Even when you throw facts in their face they'd still pretend they didn't see it. That's called willful ignorance.


----------



## Sadgoob (Jan 27, 2017)

Turrin said:


> I don't see how someone whose being intellectually honest can question how it's possible that Jiraiya could combat Itachi after the Kabuto fight & DBIV.



I don't see how someone who's being intellectually honest could compare Jiraiya starting in base to Naruto or Kabuto starting in base, as the latter two showed far superior skills and methods in getting into Sage Mode. If Itachi truly wanted base War Naruto or base Kabuto dead before they entered Sage Mode, he has a decent shot of doing it. Jiraiya has much worse chances.

I don't see how someone who's being intellectually honest could compare Sage Jiraiya to Sage Naruto or Kabuto. Pain Arc Sage Naruto was killing Pain bodies left and right while Sage Jiraiya ran away and relied on his summons' genjutsu. Those same summons that saved Jiraiya flat out stated Naruto surpassed Jiraiya. And War Arc Sage Naruto & Kabuto were different beasts _entirely._

I don't see how someone who's being intellectually honest can acknowledge that the Sharingan can control summons, ninja, tailed beasts, and that Sage Kabuto himself cut off his vision against Itachi for fear of being controlled, but Itachi couldn't control Shima or Fukasaku that have zero knowledge of Itachi.

Jiraiya, Fukasaku, and Shima were completely unable to detect Asura sneak up on Jiraiya and rip his arm out. Something tells me they can't fight effectively without vision like Sage Kabuto could against Itachi. Itachi is also much sneakier, trickier, faster, and deadlier than Asura in just about every possible way. If Jiraiya or his summons impair their vision against Itachi, they're toast.

*In short:*

Sage Kabuto (did well against Itachi) > War Arc Sage Naruto > 
CS2 Sasuke (did well against Deidara) > CS2 Kimimaro > CS2 Sick Kimimaro > CS2 Sakon

Reactions: Like 1 | Agree 1


----------



## Duhul10 (Jan 27, 2017)

Sadgoob said:


> I don't see how someone who's being uintellectally honest could even begin to compare Sage Jiraiya with Sage Naruto or Sage Kabuto. Maybe we should recap how well Jiraiya did against 3 Pain bodies versus how well Naruto did against five.


Different scenarios, different mindsets, knowledge etc. Naruto did not get Jiraiya's hype though


----------



## Sadgoob (Jan 27, 2017)

Duhul10 said:


> Different scenarios, different mindsets, knowledge etc. Naruto did not get Jiraiya's hype though



Fukasaku said Pain Arc Naruto surpassed Jiraiya. I think Fukasaku would know because he was there for Jiraiya entire last battle. And Pain Arc Sage Naruto was much worse than War Arc Sage Naruto or Sage Kabuto in just about every way.

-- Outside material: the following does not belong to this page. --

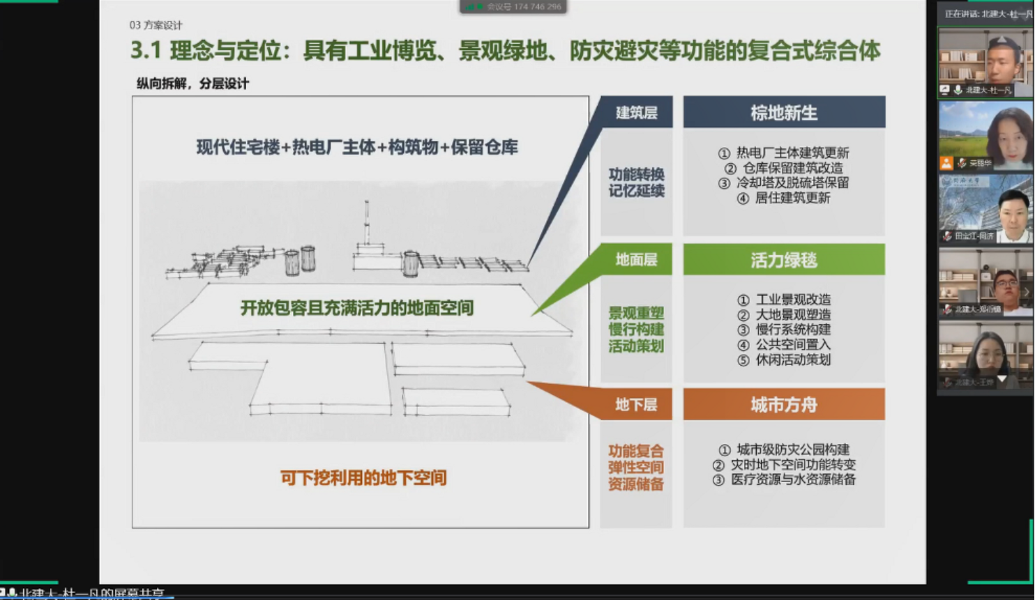 由建筑公司石炀老师指导的郑衍镱、杜一凡、王烨、张钰曈、耿卓艺、李晨明等6名2015级城乡规划专业本科生参加了此次联合毕业设计。同学们通过深入研究和探讨了场地的现状条件,在重点问题方面达成共识,并逐渐演化成同一主题下的两套不同方案。

Comparing Jiraiya to Naruto or Kabuto because they all have Sage Mode is like comparing CS2 Juugo to  CS2 Sasuke because they both have CS2. Just because Hebi Sasuke (Sage Kabuto) did decently against Itachi doesn't mean Juugo (Sage Jiraiya) would.


----------



## UchihaX28 (Jan 27, 2017)

Duhul10 said:


> Different scenarios, different mindsets, knowledge etc. Naruto did not get Jiraiya's hype though



 A tool's efficacy is contingent upon the power and skill of the wielder; Naruto and Kabuto has more skill using it, therefore their tool is better.


----------



## Duhul10 (Jan 27, 2017)

Sadgoob said:


> Fukasaku said Pain Arc Naruto surpassed Jiraiya. I think Fukasaku would know because he was there for Jiraiya entire last battle. And Pain Arc Sage Naruto was much worse than War Arc Sage Naruto or Sage Kabuto in just about every way.
> 
> Comparing Jiraiya to Naruto or Kabuto because they all have Sage Mode is like comparing CS2 Juugo to  CS2 Sasuke because they both have CS2. Just because Hebi Sasuke (Sage Kabuto) did decently against Itachi doesn't mean Juugo (Sage Jiraiya) would.

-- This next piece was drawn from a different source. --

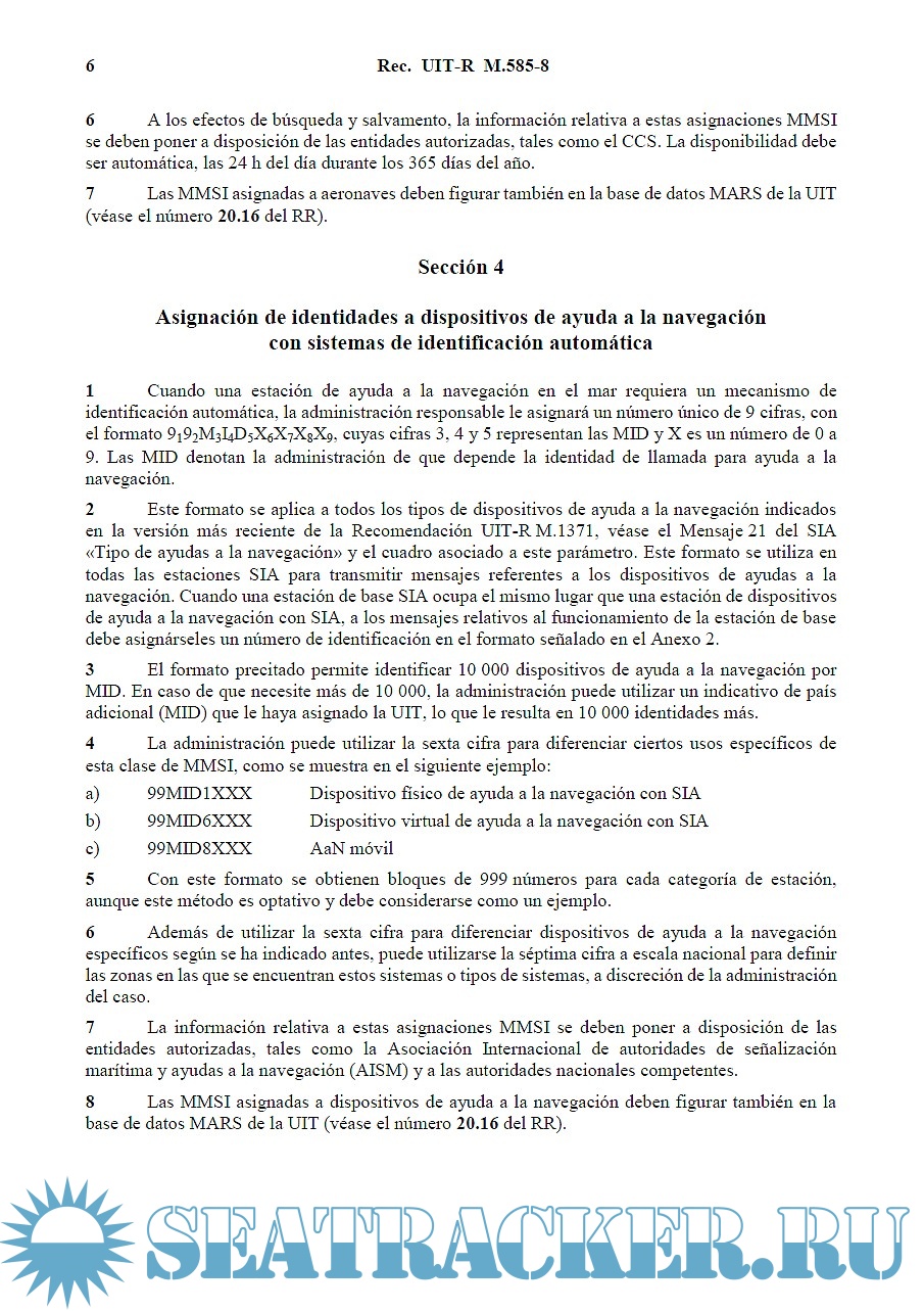 Assignment and Use of Identities in the Maritime Mobile Service (Recommendation ITU-R M.585-8)

Yeah, Naruto Surpassed Jiraiya in his use of the sage arts as he was able to maintain a sage mode without any body modifications other than his eyes. Also Fukasaku stated that Naruto surpassed all his predecessors, does it mean pain arc SM Naruto defeats Minato? No, definitely not.
The comparison it's definitely not good. If anything, it is the other way around, as Jiraiya shits on naruto in base and so would Sasuke do to Juugo. The manga never stated that Naruto's sage mode brings more of a power up than Jiraiya's. Also, Jiraiya's sm gives him other perks, including increased agility, better jumps, bigger punches.


----------



## Duhul10 (Jan 27, 2017)

UchihaX28 said:


> A tool's efficacy is contingent upon the power and skill of the wielder; Naruto and Kabuto has more skill using it, therefore their tool is better.

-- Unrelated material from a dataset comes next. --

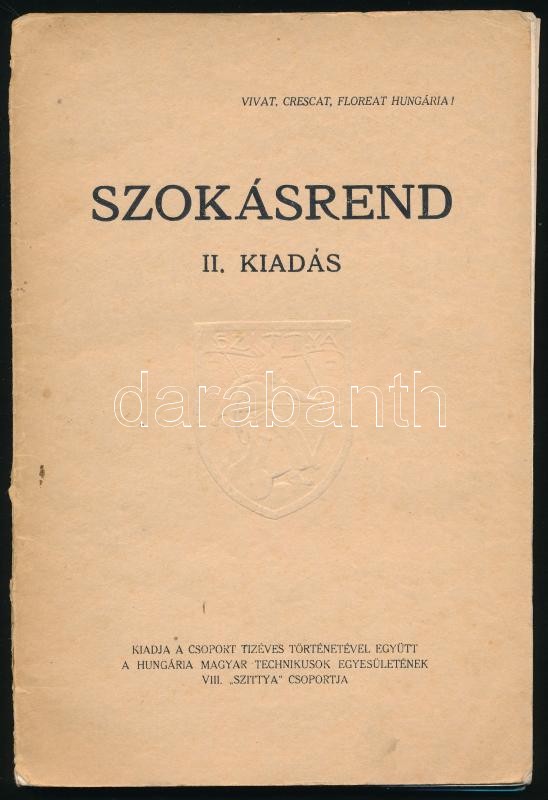 Description: Szokásrend. II. kiadás. A csoport "dominus praesens maiorja", Koiss Géza által DEDIKÁLT példány." Bp., 1930., Hungária M(agyar) T(echnikusok) E(gyesületének) VIII. "Szittya" Csoportja, 87 p.+ 4 t. Kiadói papírkötés., a borítón szakadással, benne gépelt levéllel, kártyával.

Yes, their tool has some perks confirmed in the manga which jiraiya's has not:
- a lower time necessary to enter sage mode
- they need no assistance to enter sage mode
- no physical modifications for Naruto 
The Manga never told us that Jiraiya is in any way inferior physically compared to Naruto. Base Jiraiya at that point was >>>> Base Naruto
Think about it:
I am Naruto; Vladimir Klitscho is Jiraiya; We both get a bonus; I get a machete, while he only gets a kitchen knife; Do you actually think that I would be able to beat him even though I have a slightly superior weapon ?


----------



## IzayaOrihara (Feb 9, 2017)

GuidingThunder said:


> Sensing barrier , shadow clones , shadow manipulation technique , blocking LoS .
> No what's Itachi's answer to audio Genjutsu ?? cuz last i checked , it kicked his butt in the manga .
> Talking about Genjutsu ain't gonna do you good since Itachi is the one who got trolled by audio genjutsu while Jiraiya has never fall for any visual genjutsu in the manga
> Jiraiya has SM , superior Taijutsu , superior Ninjutsu , more elements , sensing , more AoE and range .
> ...



And that's all that needs to be said.


End of conversation.

The Sannin are legends. Itachi is just a horny teenager who killed a couple of sub-Kurenai Level Uchiha (Kurenai is Konoha strongest Genjutsu user, even more than the Sharingan using Uchiha Clan of Konoha from that era, 5 years before Part 1), and was weaker than Shisui who was competent enough to have his eye literally plucked out of the socket by Base Danzo, and was lucky enough to be accepted into Akatsuki where his best feat was being defeated by Hebi Sasuke. End of conversation. Sannin > Shitachi.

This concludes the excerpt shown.